#### Task objective:
The whole listing below should be printed again exactly, with no images.
Segment Start: Material provided
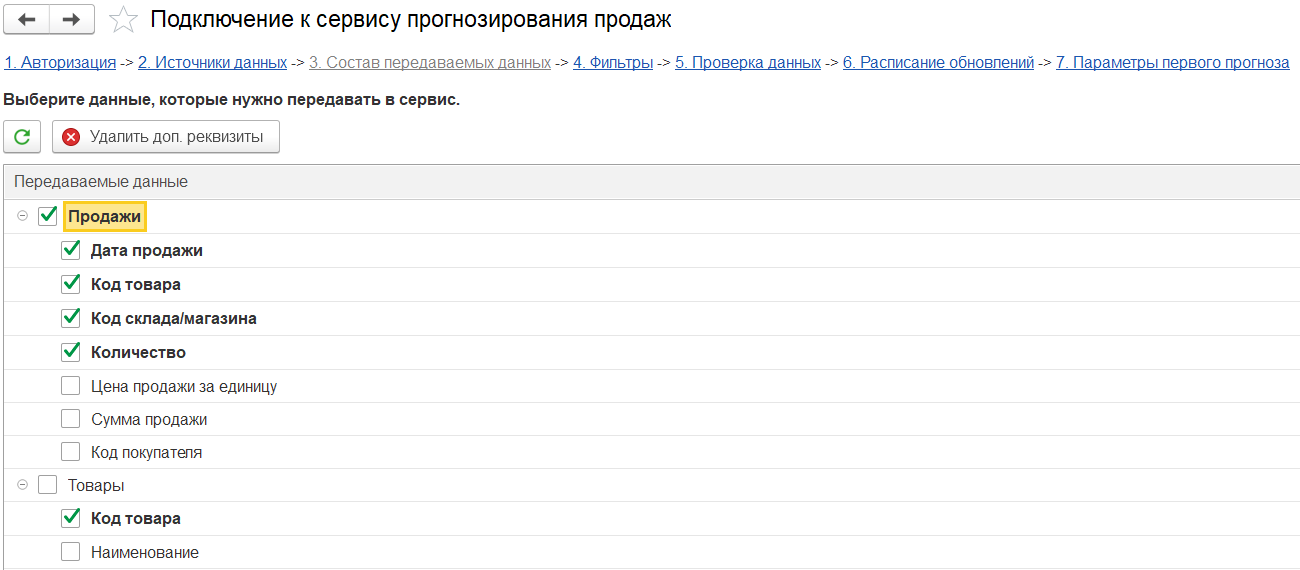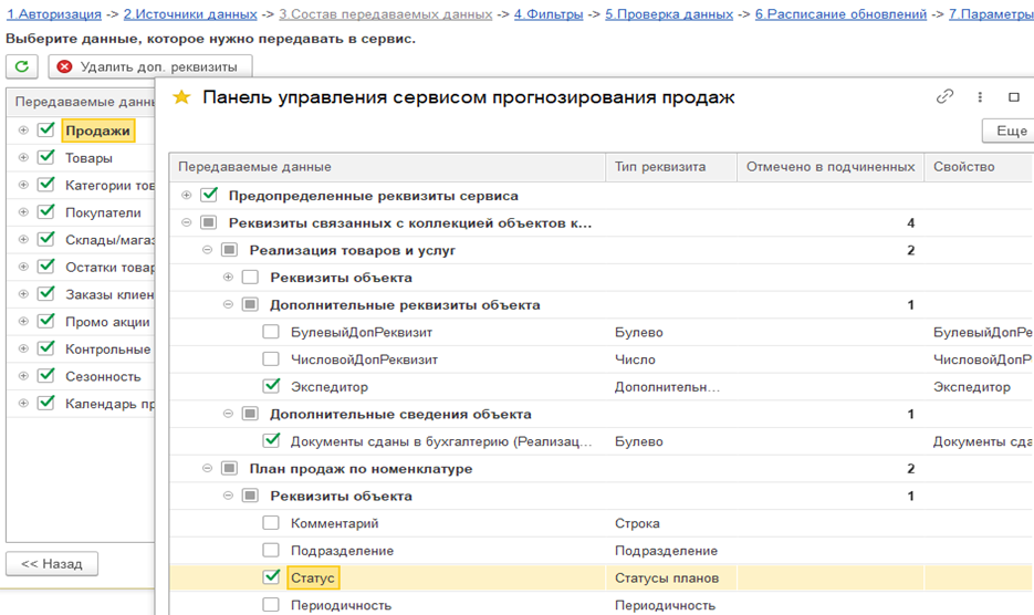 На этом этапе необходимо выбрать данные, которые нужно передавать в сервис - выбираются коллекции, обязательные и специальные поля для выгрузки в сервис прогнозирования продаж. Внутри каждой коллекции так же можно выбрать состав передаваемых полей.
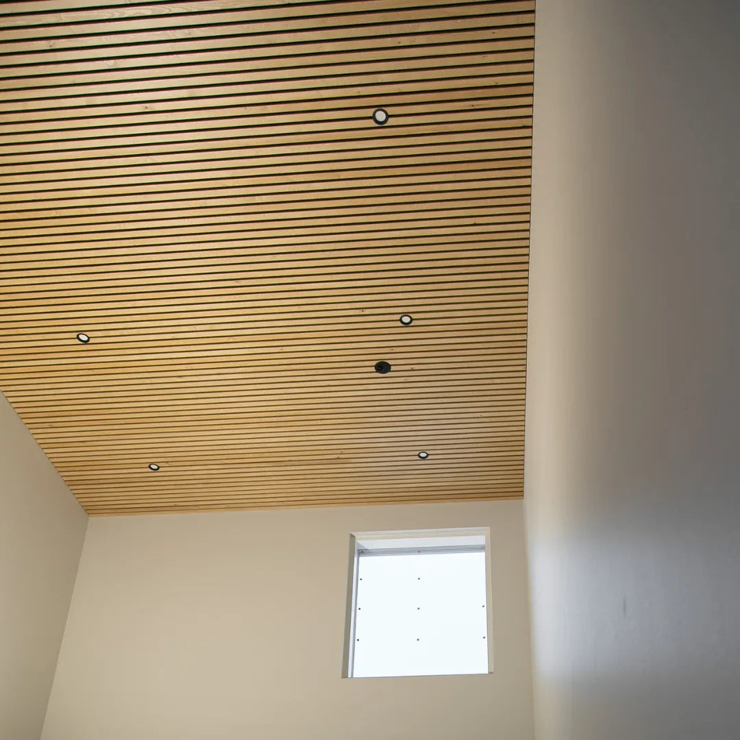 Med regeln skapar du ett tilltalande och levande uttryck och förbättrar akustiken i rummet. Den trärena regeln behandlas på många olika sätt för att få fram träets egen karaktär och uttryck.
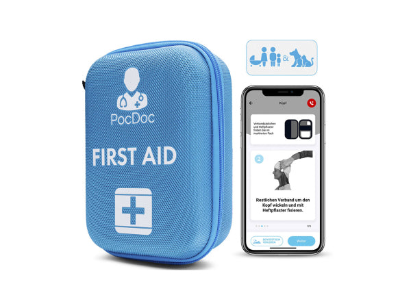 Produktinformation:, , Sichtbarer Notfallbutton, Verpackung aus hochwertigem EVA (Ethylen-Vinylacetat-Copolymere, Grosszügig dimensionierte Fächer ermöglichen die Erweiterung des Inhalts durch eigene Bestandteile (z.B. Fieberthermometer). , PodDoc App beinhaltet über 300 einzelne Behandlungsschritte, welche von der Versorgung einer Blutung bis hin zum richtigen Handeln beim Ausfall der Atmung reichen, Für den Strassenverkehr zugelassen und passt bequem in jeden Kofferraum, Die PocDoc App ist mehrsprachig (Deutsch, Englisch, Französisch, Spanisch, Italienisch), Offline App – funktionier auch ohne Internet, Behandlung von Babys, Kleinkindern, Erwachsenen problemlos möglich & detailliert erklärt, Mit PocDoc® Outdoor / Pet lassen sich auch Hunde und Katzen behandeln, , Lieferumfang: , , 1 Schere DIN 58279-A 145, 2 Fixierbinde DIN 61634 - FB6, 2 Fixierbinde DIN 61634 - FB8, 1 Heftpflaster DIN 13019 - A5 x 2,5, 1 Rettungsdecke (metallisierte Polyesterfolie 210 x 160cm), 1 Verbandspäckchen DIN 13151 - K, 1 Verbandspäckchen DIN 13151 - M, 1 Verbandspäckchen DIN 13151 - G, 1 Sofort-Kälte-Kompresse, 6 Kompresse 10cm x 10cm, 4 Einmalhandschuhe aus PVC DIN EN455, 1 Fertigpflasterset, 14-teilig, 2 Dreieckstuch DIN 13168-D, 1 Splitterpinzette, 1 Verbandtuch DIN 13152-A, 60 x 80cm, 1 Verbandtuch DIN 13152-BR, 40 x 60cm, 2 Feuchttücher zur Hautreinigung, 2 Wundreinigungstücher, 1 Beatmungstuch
Segment End: Material provided
#### Task output:
 На этом этапе необходимо выбрать данные, которые нужно передавать в сервис - выбираются коллекции, обязательные и специальные поля для выгрузки в сервис прогнозирования продаж. Внутри каждой коллекции так же можно выбрать состав передаваемых полей.
 Med regeln skapar du ett tilltalande och levande uttryck och förbättrar akustiken i rummet. Den trärena regeln behandlas på många olika sätt för att få fram träets egen karaktär och uttryck.
 Produktinformation:, , Sichtbarer Notfallbutton, Verpackung aus hochwertigem EVA (Ethylen-Vinylacetat-Copolymere, Grosszügig dimensionierte Fächer ermöglichen die Erweiterung des Inhalts durch eigene Bestandteile (z.B. Fieberthermometer). , PodDoc App beinhaltet über 300 einzelne Behandlungsschritte, welche von der Versorgung einer Blutung bis hin zum richtigen Handeln beim Ausfall der Atmung reichen, Für den Strassenverkehr zugelassen und passt bequem in jeden Kofferraum, Die PocDoc App ist mehrsprachig (Deutsch, Englisch, Französisch, Spanisch, Italienisch), Offline App – funktionier auch ohne Internet, Behandlung von Babys, Kleinkindern, Erwachsenen problemlos möglich & detailliert erklärt, Mit PocDoc® Outdoor / Pet lassen sich auch Hunde und Katzen behandeln, , Lieferumfang: , , 1 Schere DIN 58279-A 145, 2 Fixierbinde DIN 61634 - FB6, 2 Fixierbinde DIN 61634 - FB8, 1 Heftpflaster DIN 13019 - A5 x 2,5, 1 Rettungsdecke (metallisierte Polyesterfolie 210 x 160cm), 1 Verbandspäckchen DIN 13151 - K, 1 Verbandspäckchen DIN 13151 - M, 1 Verbandspäckchen DIN 13151 - G, 1 Sofort-Kälte-Kompresse, 6 Kompresse 10cm x 10cm, 4 Einmalhandschuhe aus PVC DIN EN455, 1 Fertigpflasterset, 14-teilig, 2 Dreieckstuch DIN 13168-D, 1 Splitterpinzette, 1 Verbandtuch DIN 13152-A, 60 x 80cm, 1 Verbandtuch DIN 13152-BR, 40 x 60cm, 2 Feuchttücher zur Hautreinigung, 2 Wundreinigungstücher, 1 Beatmungstuch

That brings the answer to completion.